Bonjour ! Aujourd’hui je vais parler du fait que le surdoué va trop vite ou veut aller plus vite. Cette caractéristique est parfaitement en lien avec l’activité rapide et bouillonnante de son cerveau, une tendance à l’hyperactivité relative à l’activité des normopensants.

Je m’appelle Raphaël, je suis surdoué autotesté et j’enquête à propos de la surdouance car je veux tout comprendre et m’épanouir.

Chaque article est un saut dans le vide !

Je prends l’habitude de commencer à écrire mes articles sans connaître le sujet et comment le développer. Cela me fait plaisir de voir que que je ne suis plus perfectionniste pour mon blog et que je me fais confiance ainsi qu’au processus de création. Je remarque que des idées me viennent rapidement et en quelques minutes j’ai le titre, le sujet et les premières idées. Le développement et de nouvelles idées complémentaires me viennent au fur et à mesure de l’écriture. Je me sens serein alors que quand j’étais adolescent je stressais devant la feuille blanche et encore plus pendant un examen ou devant des gens.

Comment m’est venu ce sujet ?

Pour trouver le sujet de mon article, il me suffit de penser à ma vie en ce moment. Et en ce faisant je repense à ce que m’a dit mon nouveau boyfriend et qui fait écho à de nombreuses répliques de mon entourage par le passé. Il m’a dit “tu vas trop vite”. Lui a besoin de temps en amour. Je pense qu’il est surdoué. Moi je ne sais plus rien en amour et je me sens nul dans ce domaine. J’ai l’impression d’apprendre ce que pourrait être l’amour.

Mes pensées arrivent en vrac !

Une fois mon sujet en tête, tout se déroule et me vient à l’esprit en quelques secondes. Je revois tout le monde (professeurs, patrons, supérieurs hiérarchiques, parents …) me dire : “tu veux aller trop vite”, “tu vas trop vite, recommence” ou “va doucement”. “Qu’est-ce que tu as fait ? Je n’ai pas vu ou compris”. Et je prends conscience que je veux aller vite, tout est trop lent pour moi. Je me trouve moi-même trop lent physiquement par rapport à mon mental car je suis limité par mon enveloppe charnelle et mes gestes d’humain. En amour, en amitié, dans les relations, je vais trop vite. Quand je pense à quelque chose, c’est comme si c’était déjà fait dans ma tête. Suis-je impatient ? Et je me sens frustré de devoir faire ce que j’ai pensé. Encore plus si ces actions prennent du temps. Je me revois à l’école, au travail, avec des amis où l’on me dit que je vais trop vite.

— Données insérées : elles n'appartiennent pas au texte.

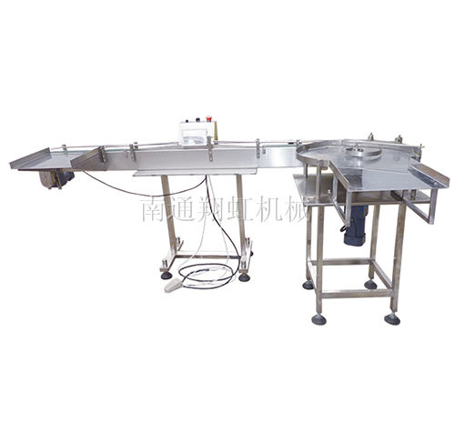 本機(jī)為液體灌裝后的燈檢設(shè)備,待檢測的瓶子經(jīng)供瓶盤整理后排成一排由撥輪經(jīng)過檢驗口,瓶子后面有白色燈透照,瓶子前有放大鏡放大,玻璃瓶中的異物很容易被目測。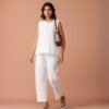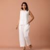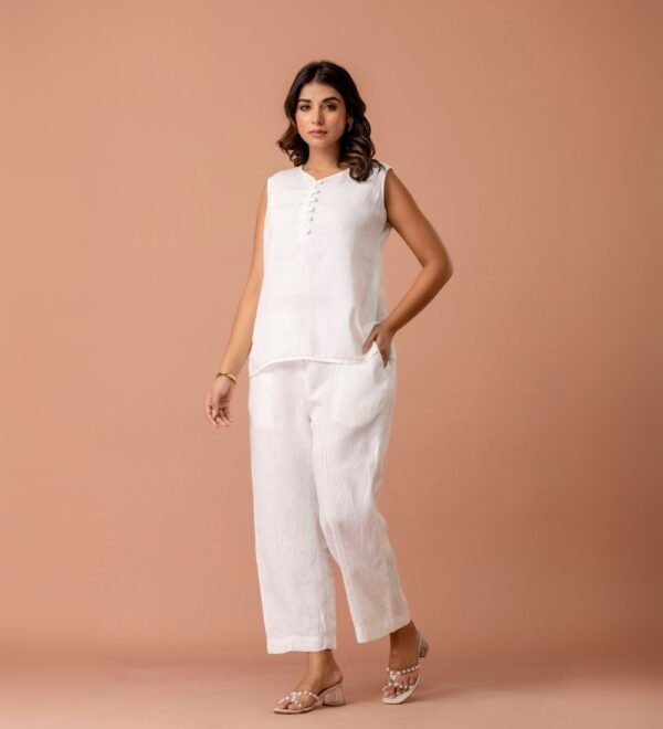The top features a structured-yet-relaxed cut with soft lines, while the matching pants offer a refined, clean silhouette—making it perfect for day events, minimalist celebrations, or elevated everyday dressing.

Le surdoué va trop vite dans le travail !

Les gens me trouvent souvent très rapide, voire trop rapide, comme si ce n’était pas normal. J’exécutais mon travail rapidement dans tous les emplois que j’ai eus. Je le remarquais bien en entendant les “clics” de la souris de mon ordinateur et de celle de mes collègues. C’est en partie pour cette raison que je réussissais mes périodes d’essai dans mes nouveaux postes. Parce qu’en étant plus rapide que les autres, dans le même temps j’en faisais plus. Les gens associaient ça à du dynamisme. Mais je ne n’en étais pas entièrement conscient. J’aimais voir mes supérieurs hiérarchiques satisfaits de mon travail. Pour moi il s’agissait d’un jeu, accomplir les tâches le plus rapidement possible comme dans un jeu vidéo. Mauvaise référence pour moi car je ne suis pas un “gamer”.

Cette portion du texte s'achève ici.